Skillv1.0.0

ClawScan security

Jewish Parsha Summary · ClawHub's context-aware review of the artifact, metadata, and declared behavior.

BenignApr 27, 2026, 7:30 PM

Verdict: benign
Confidence: high
Model: gpt-5-mini
Summary: The skill's code and runtime instructions match its stated purpose (fetching parsha info from Hebcal and text from Sefaria), request no credentials, and do not attempt unexpected network calls or installs.
Guidance: This skill appears to do what it says: it queries Hebcal to detect the parsha and pulls text from Sefaria, requires internet, and asks for no credentials. Before installing, note a few functional caveats: (1) parsha name matching in the included script is case-sensitive despite SKILL.md saying case-insensitive—pass names using the exact capitalization or improve normalization; (2) full Hebrew text is only printed when using --json (non-JSON output only indicates Hebrew is available); (3) the verse count is the length of the top-level returned list and may not equal literal verse counts in all cases. If you need different behavior (case-insensitive names, inline Hebrew in non-JSON mode, different summary algorithm), request those changes or review/modify the script locally. Otherwise the skill's network calls are limited to the documented public APIs and there are no obvious security red flags.

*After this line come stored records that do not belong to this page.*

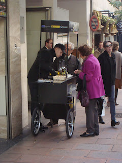 Estava eu feliz e contente indo para o trabalho quando vi um desses carrinhos de ambulantes. Pausa: aqui em Madri é proibidissimo vender comida na rua. Não se vê sequer um carrinho cachorro-quente nas esquinas. Somente no outono inverno se vendem castanhas e milho. Continuemos. Atrás um jovem todo engomadinho convidando os passantes para provar diferentes tipos de azeite. Como já estava em cima da hora não parei, mas no dia seguinte encontrei um carrinho similar na plaza Colón e experimentei o bendito óleo do fruto das oliveiras.
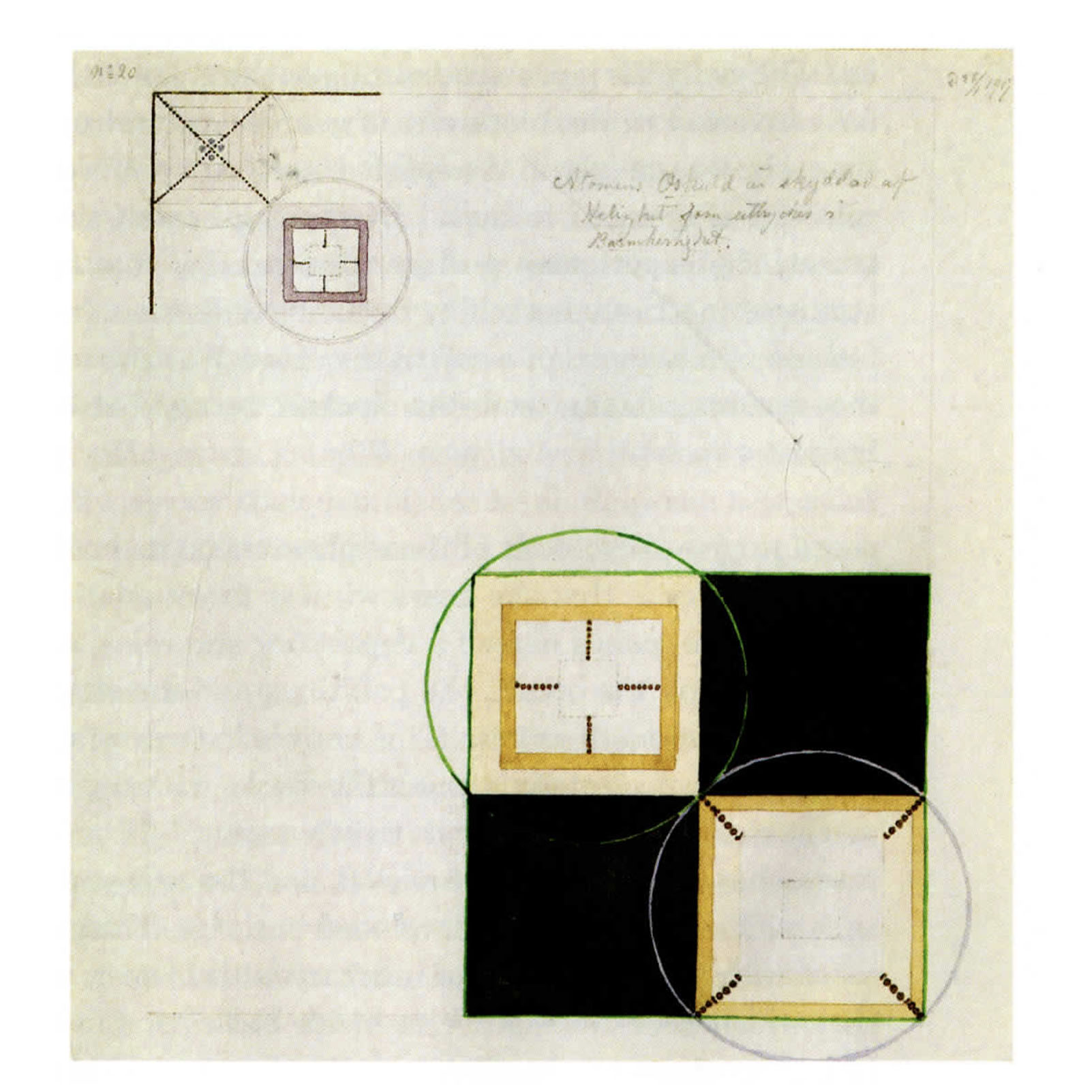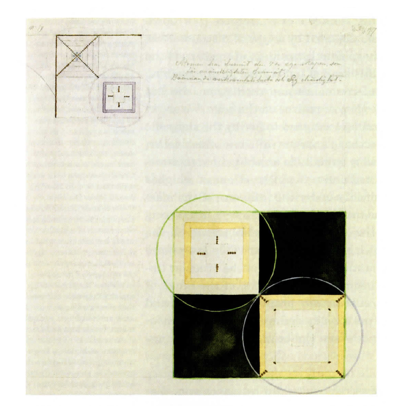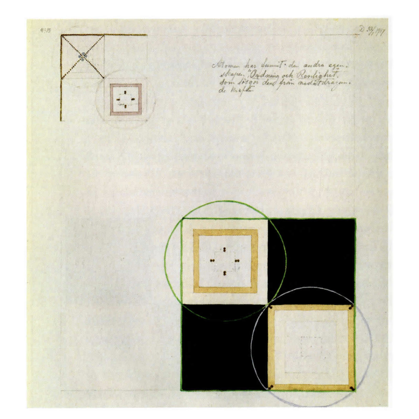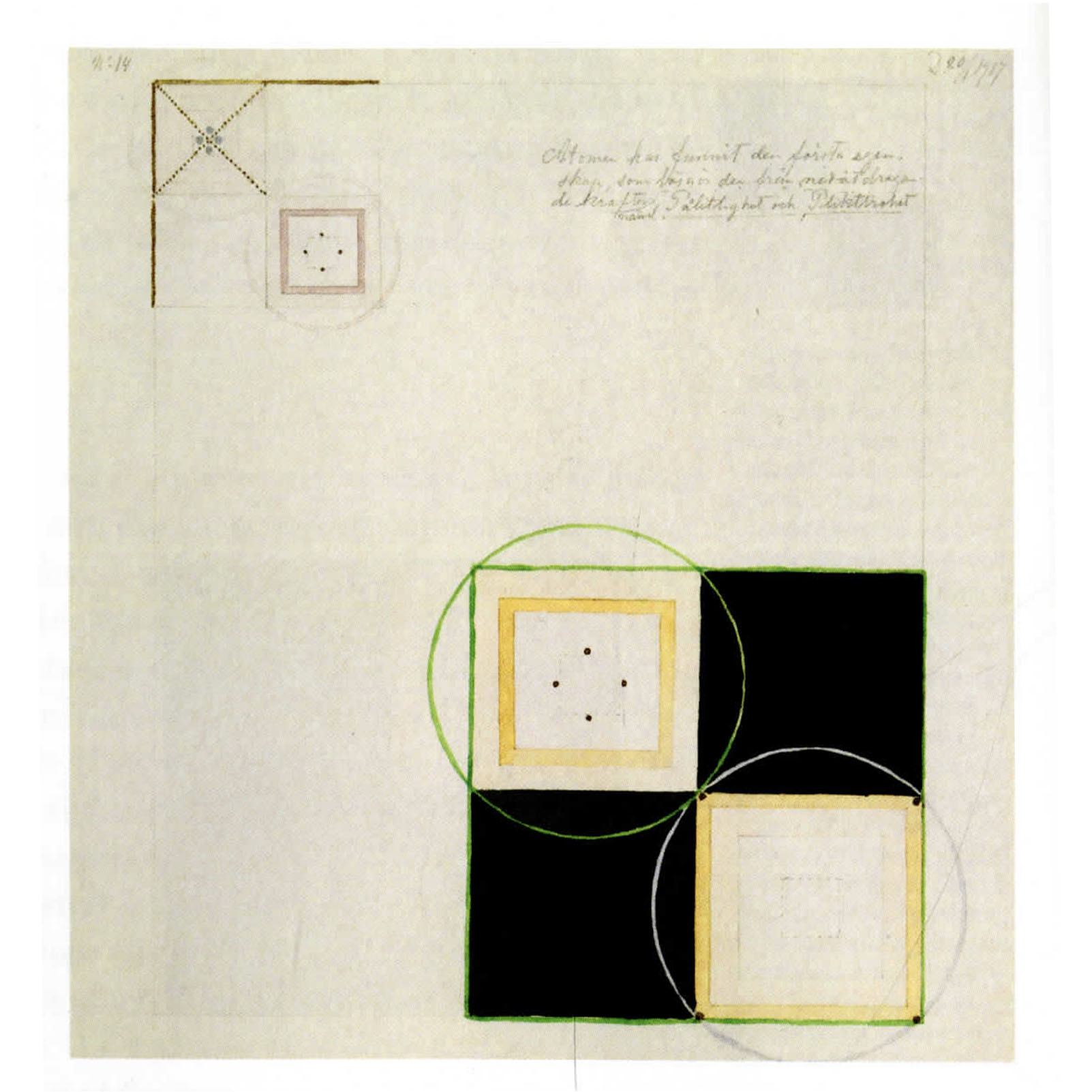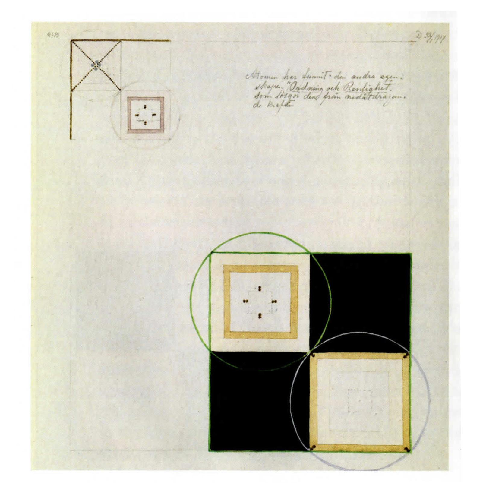 HILMA AF KLINT, Atom Series, No. 15: "The atom has found its second quality-Orderliness and Cleanliness, which release it from the forces that pull it down," January 1917
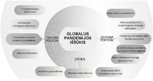 Vadovai įvardija globalaus pandemijos iššūkio nulemtus pokyčius (1 pav.). Pažymima, kad šiuo laikotarpiu visa švietimo bendruomenė stokojo globalių kompetencijų technologijų taikymo srityje: teko mokytis organizuoti ugdymo procesą nuotolinėje erdvėje [1; 3; 19; 28]; užtikrinti pandemijos valdymą, rengiant vidinius teisės aktus, suderintus su nuolat kintančiais išoriniais (pvz., įteisinti privalomą kaukių dėvėjimą [13]); užtikrinti saugumą (pvz., aprūpinti kaukėmis, jų išmetimo ir utilizavimo priemonėmis [19]). Pagrindine globalios kompetencijos stokos įveikimo grandimi laikomas aktyvus mokymasis, todėl pedagogai, kurie mokėsi taikyti IT, sklandžiau prisitaikė prie pasikeitusių virtualių ugdymo(si) erdvių [1]. Kadangi tai buvo nauja patirtis ir aplinkybės, kurios iš esmės pakeitė ugdymo(si) proceso organizavimą, IT kompetencijų turintys mokytojai sklandžiau organizavo savo veiklą. Pedagogai, stokojantys tokių gebėjimų, mokėsi naudoti informacines technologijas, tai turėjo įtakos akademinėms, socialinėms mokinių žinioms ir kompetencijoms: „pandemija per trumpą laiką privertė visą kolektyvą patobulinti skaitmenines kompetencijas, tačiau mokinių akademiniai praradimai dideli, jaučiami ir šiandien. Tai padarė didelę žalą mokinių socialinėms kompetencijoms. Ateinantys abiturientų tarpiniai patikrinimai mokiniams padės suprasti savo spragas arba jaustis ramiau egzamino metu, tačiau mokyklų turima kompiuterinė įranga nepakankama, padėtų papildomas finansavimas. Reikiamų specialistų trūkumas, įveikti padėtų didesnis darbo užmokestis“ [1].
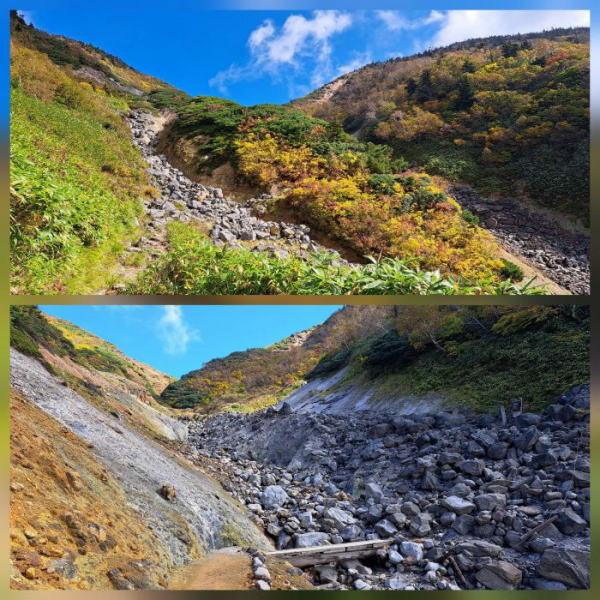 | 酸ケ湯温泉から右回りに大岳へ周遊しています。 このガレ場を登っていくと、一旦開けた場所に出て、木道がありました。 |

Purpose & Capability: okThe SKILL.md claims to detect this week's parsha via Hebcal and fetch text from Sefaria; the included Python script implements exactly those calls (https://www.hebcal.com and https://www.sefaria.org/api). No unrelated services, credentials, or binaries are requested.
Instruction Scope: noteOverall the SKILL.md commands and examples match the script's CLI. Minor inconsistencies: SKILL.md states accepted parsha names are case-insensitive, but the script's parsha_map lookup is case-sensitive (so e.g., 'bereshit' would not match). Also SKILL.md advertises an optional --hebrew flag; the script only prints a notice about Hebrew availability in non-JSON mode and only includes full Hebrew text in --json output (SKILL.md mentions Hebrew is truncated in non-JSON mode, but examples imply inclusion). These are functional mismatches, not security issues.
Install Mechanism: okInstruction-only skill with a small Python script; no install spec, no external package downloads, and no archive extraction. No elevated install risk present.
Credentials: okThe skill declares no required environment variables or credentials and the code does not read any environment secrets or config paths. Network access is limited to Hebcal and Sefaria per its purpose.
Persistence & Privilege: okSkill does not request persistent/always-on presence (always:false). It does not attempt to modify other skills or system configuration.